If you’re not tracking direction, speed, acceleration, resistance, you have no idea if what you’re doing will get you where you want to go.
To successfully get from point A to point B, whether it’s in the physical world, or the worlds of ideas, economics, politics or religion, you still need to know these.
- Direction – what your actions are actually achieving, the direction it is propelling someone in.
- Speed – how fast you are acting, how fast your actions are leading to responses.
- Acceleration – how much your speed is increasing over a set period of time
- Resistance – anything holding you back
If you’re in Texas and you want to get to Grandma’s house in Minnesota but your direction is taking you east to Florida, it doesn’t matter how fast you’re going–you’re not going to get there.
If you’re aimed in the right direction, but you’re going 5 MPH, you’re probably not going to get there “fast enough.”

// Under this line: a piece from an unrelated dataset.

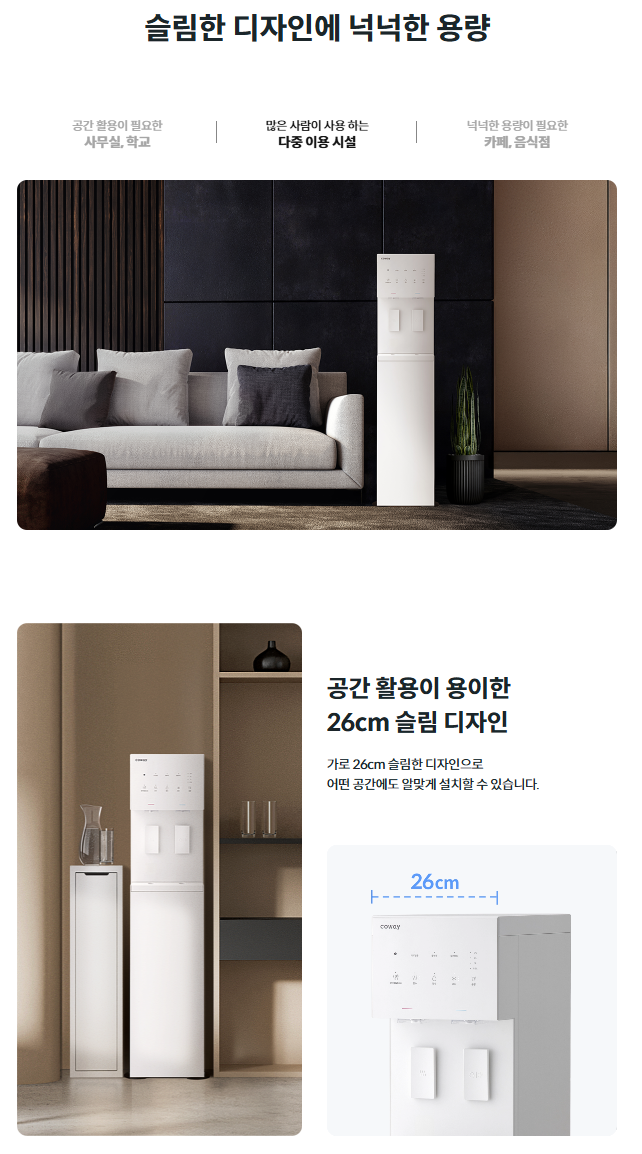 ✅좁은 주방·한켠에 설치할 정수기를 찾는 분 — 26cm 슬림 폭이라 설치 공간 부담 적음.

If you’re going 5 MPH but you’re accelerating 5 MPH/sec, you might be fine in about 10-12 seconds (depending on which direction you’re pointing). (This is where movements are powerful: acceleration that doubles each time-segment starts slowly but ends up very fast–but you have to be measuring the acceleration.)
Resistance – if you’re going 60 MPH but you’re chained to the house, you’re just spinning your tires.
You can replace each of these examples with more real-world cases. If you’re not tracking any of this stuff, you’re flying blind, and the chances of you hitting your target are so nil as to be nonexistent.
There’s no sense setting a goal like “be at Grandma’s for Christmas” unless you’re tracking what it takes to get there, and adjusting behavior accordingly.